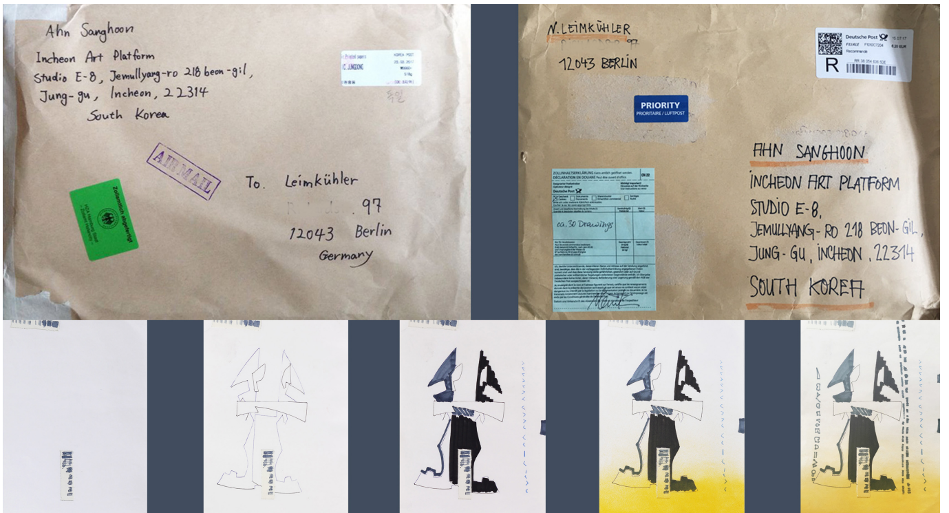
롤링 드로잉_작품, 2017
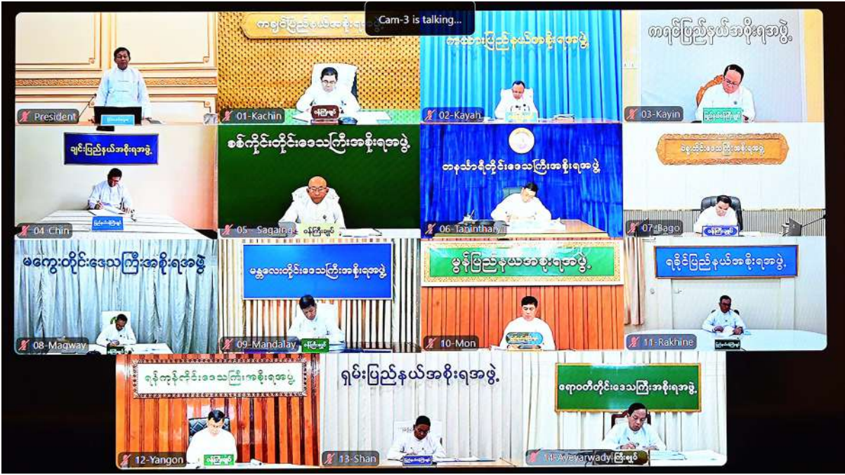
ပြည်ထောင်စုသမ္မတမြန်မာနိုင်ငံတော် ပြည်ထောင်စုအစိုးရအဖွဲ့အစည်းအဝေးသို့ တိုင်းဒေသကြီးနှင့် ပြည်နယ်ဝန်ကြီးချုပ်များက Video Conferencing ဖြင့် တက်ရောက်ကြစဉ်။

ကုန်ထုတ်လုပ်မှုနှင့်ပတ်သက်၍ မိမိတို့နိုင်ငံတွင် ကုန်ထုတ်လုပ်မှုများ အားနည်းနေဆဲပင်ဖြစ်ကြောင်း၊ မိမိအနေဖြင့်ပြီးခဲ့သည့် လဆန်းပိုင်းတွင် အိန္ဒိယသမ္မတနိုင်ငံသို့ တရားဝင်ခရီးစဉ်သွားရောက်ခဲ့ပြီး မကြာမီ ရက်ပိုင်းက တရုတ်ပြည်သူ့သမ္မတနိုင်ငံသို့ နိုင်ငံတော်အဆင့် ခရီးစဉ်သွားရောက်ခဲ့ကြောင်း၊ ထိုသို့ခရီးစဉ်များသွားရောက်စဉ် မိမိတို့နိုင်ငံတွင်ပြည်ပကုန်သွယ်မှုနှင့် ရင်းနှီးမြှုပ်နှံမှုများ ပိုမိုတိုးတက်လာစေရေးစီးပွားရေး လုပ်ငန်းရှင်များနှင့် တွေ့ဆုံဆွေးနွေးခြင်းများဆောင်ရွက်ခဲ့ကြောင်း၊ ထိုသို့ဆောင်ရွက်ခဲ့ခြင်းသည် မိမိတို့နိုင်ငံ၏ ပြည်တွင်းကုန်ထုတ်လုပ်မှုလုပ်ငန်းများ တိုးတက်လာစေရေးအတွက် ဆောင်ရွက်ခဲ့ခြင်းပင်ဖြစ်ကြောင်း၊ ပြည်တွင်း၊ ပြည်ပရင်းနှီးမြှုပ်နှံမှုများ တိုးတက်လာခြင်းဖြင့် အလုပ်အကိုင်များရရှိမည်ဖြစ်သကဲ့သို့ ပြည်တွင်းကုန်ထုတ်လုပ်မှုလုပ်ငန်းများတိုးတက်လာမည်ဖြစ်ကြောင်း၊ ကုန်ထုတ်

* What to work on:
Pictures aside, reproduce all of the data exactly.

* Written reply:
롤링 드로잉_작품, 2017
ပြည်ထောင်စုသမ္မတမြန်မာနိုင်ငံတော် ပြည်ထောင်စုအစိုးရအဖွဲ့အစည်းအဝေးသို့ တိုင်းဒေသကြီးနှင့် ပြည်နယ်ဝန်ကြီးချုပ်များက Video Conferencing ဖြင့် တက်ရောက်ကြစဉ်။

ကုန်ထုတ်လုပ်မှုနှင့်ပတ်သက်၍ မိမိတို့နိုင်ငံတွင် ကုန်ထုတ်လုပ်မှုများ အားနည်းနေဆဲပင်ဖြစ်ကြောင်း၊ မိမိအနေဖြင့်ပြီးခဲ့သည့် လဆန်းပိုင်းတွင် အိန္ဒိယသမ္မတနိုင်ငံသို့ တရားဝင်ခရီးစဉ်သွားရောက်ခဲ့ပြီး မကြာမီ ရက်ပိုင်းက တရုတ်ပြည်သူ့သမ္မတနိုင်ငံသို့ နိုင်ငံတော်အဆင့် ခရီးစဉ်သွားရောက်ခဲ့ကြောင်း၊ ထိုသို့ခရီးစဉ်များသွားရောက်စဉ် မိမိတို့နိုင်ငံတွင်ပြည်ပကုန်သွယ်မှုနှင့် ရင်းနှီးမြှုပ်နှံမှုများ ပိုမိုတိုးတက်လာစေရေးစီးပွားရေး လုပ်ငန်းရှင်များနှင့် တွေ့ဆုံဆွေးနွေးခြင်းများဆောင်ရွက်ခဲ့ကြောင်း၊ ထိုသို့ဆောင်ရွက်ခဲ့ခြင်းသည် မိမိတို့နိုင်ငံ၏ ပြည်တွင်းကုန်ထုတ်လုပ်မှုလုပ်ငန်းများ တိုးတက်လာစေရေးအတွက် ဆောင်ရွက်ခဲ့ခြင်းပင်ဖြစ်ကြောင်း၊ ပြည်တွင်း၊ ပြည်ပရင်းနှီးမြှုပ်နှံမှုများ တိုးတက်လာခြင်းဖြင့် အလုပ်အကိုင်များရရှိမည်ဖြစ်သကဲ့သို့ ပြည်တွင်းကုန်ထုတ်လုပ်မှုလုပ်ငန်းများတိုးတက်လာမည်ဖြစ်ကြောင်း၊ ကုန်ထုတ်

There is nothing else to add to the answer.